My Lords, first, I thank the noble Lord, Lord Warner, for his very friendly comments—long may they continue. As he and other noble Lords have mentioned, this is a good example of the scrutiny provided by this House in ensuring that we have, as my noble and learned friend Lord Mackay mentioned, a truly National Health Service, and that this legislation preserves, rather than undermines, the integrity of the National Health Service, with accountability, after devolution, still clearly with the Secretary of State for Health and to Parliament.
The noble Lord, Lord Beecham, asked what will happen in the event that things do not work out—I think that was the issue that he raised. The answer is, I think, that it will depend on the negotiations in each individual case. There need to be sensible arrangements from the outset as to what will happen in the event that things do not work out, which the Secretary of State will need to take a view on when agreeing to the deal at the beginning. In a sense, the end game needs to be considered early on in the proceedings. However, I may have missed the point that the noble Lord was making.
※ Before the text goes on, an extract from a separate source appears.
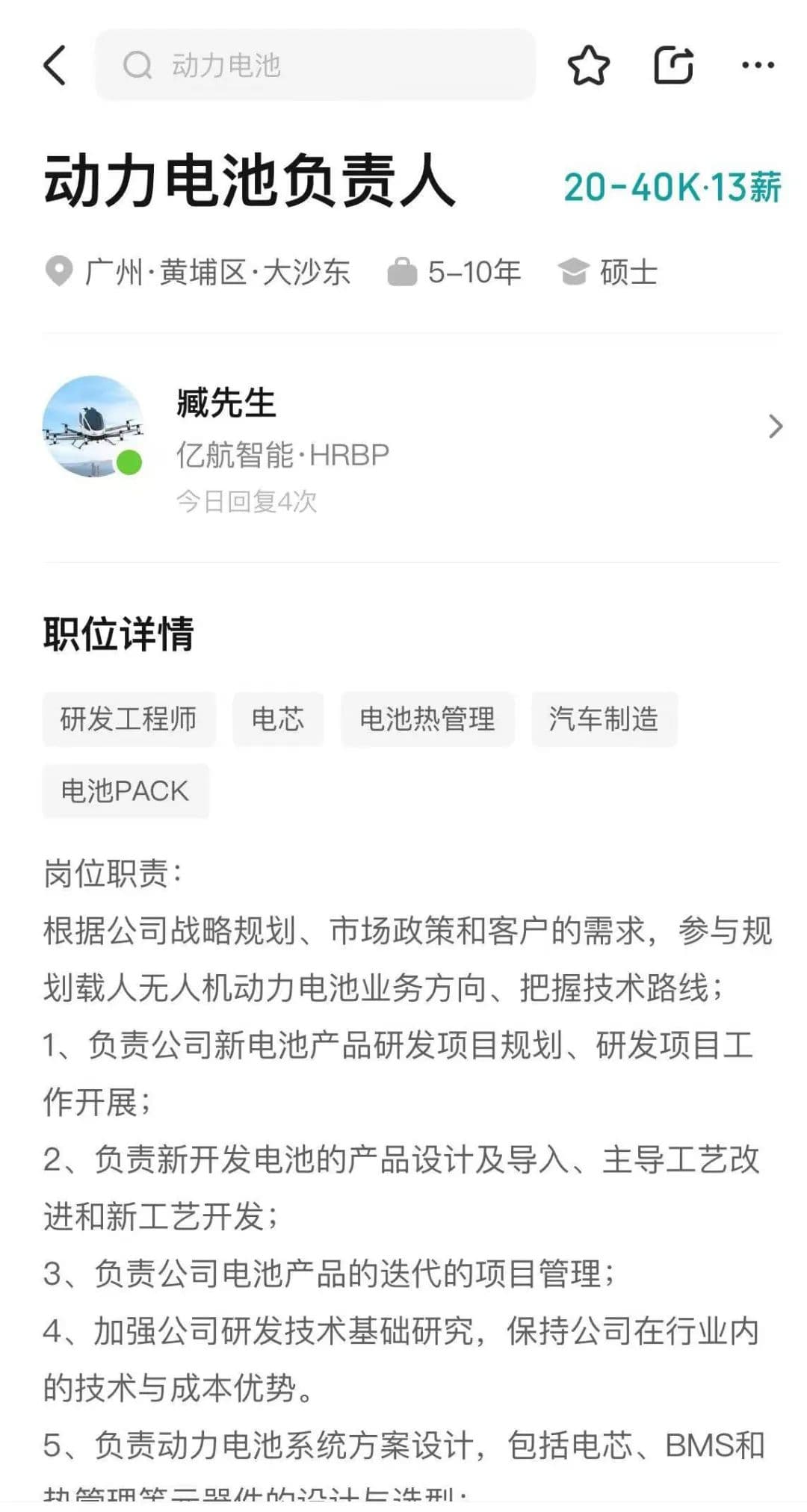 电池技术、电机、电控等“三电”技术是eVTOL发展的关键。除了与先进的动力电池和储能电池企业合作之外,eVTOL企业也会选择招聘相关人才。在招聘平台,亿航智能给动力电池负责人的待遇为20-40K,13薪。

That may be partly my fault. My point was not that things might not work out in, for example, the Greater Manchester context; the problem that I raise is the situation that might arise where a district comes out of a county and into a combined authority for certain purposes and that combined authority decides that it wants to deal with health, but the social services provision, unless there is another change, remains with the county within which that district exists. That seems to me the area that has not yet been resolved; it is certainly not clear in my mind and, looking around, I think that there are others whose minds may also be confused by the situation. It is not an easy question for the Minister to answer, and if he is not able to do so, I will understand, but I think that it is a matter that needs to be addressed between the two departments and, if I may say so, in consultation with the local government world as well as the health world, before we get to the point where the situation becomes one where such a risk develops. It is not the case in Greater Manchester, but it may occur elsewhere if we have that movement by county districts into combined authorities for some purposes.
I am sorry to intervene again, but from what my noble friend just said it occurs to me that it is not just social care; one has to think about education and children’s services, where there is also a potential dimension. So far, nobody has mentioned that. That is another department that ought to be involved. Of course, we cannot resolve this today, but I urge that the kind of discussions I have mentioned should take place, and I now add the education department to that.
My Lords, life is untidy, unfortunately. It is never clear and you cannot foresee all eventualities. The only response I can give noble Lords today is that the Secretary of State will deal with each matter on a case-by-case basis. I do not think that anyone can lay down a blueprint for dealing with that now, but I am happy to discuss it with the noble Lord and the noble Baroness if they want to do so. Maybe this is not the right place to go into all of that. I hope that that will be acceptable to them.
The noble Lord, Lord Shipley, raised the report on the success of devolution. I think I can speak for the Secretary of State for Health in saying that he would want to involve all relevant stakeholders in that report, not least patients, frankly, for obvious reasons. I am happy to put that on the record.
I conclude by thanking the noble Lord, Lord Smith, for updating us all on what is happening in Manchester. We on both sides of the House wish Greater Manchester well. It is a trailblazer and a very important development. We hope that we will see more devolution across England while still retaining the central accountability and integrity of the National Health Service.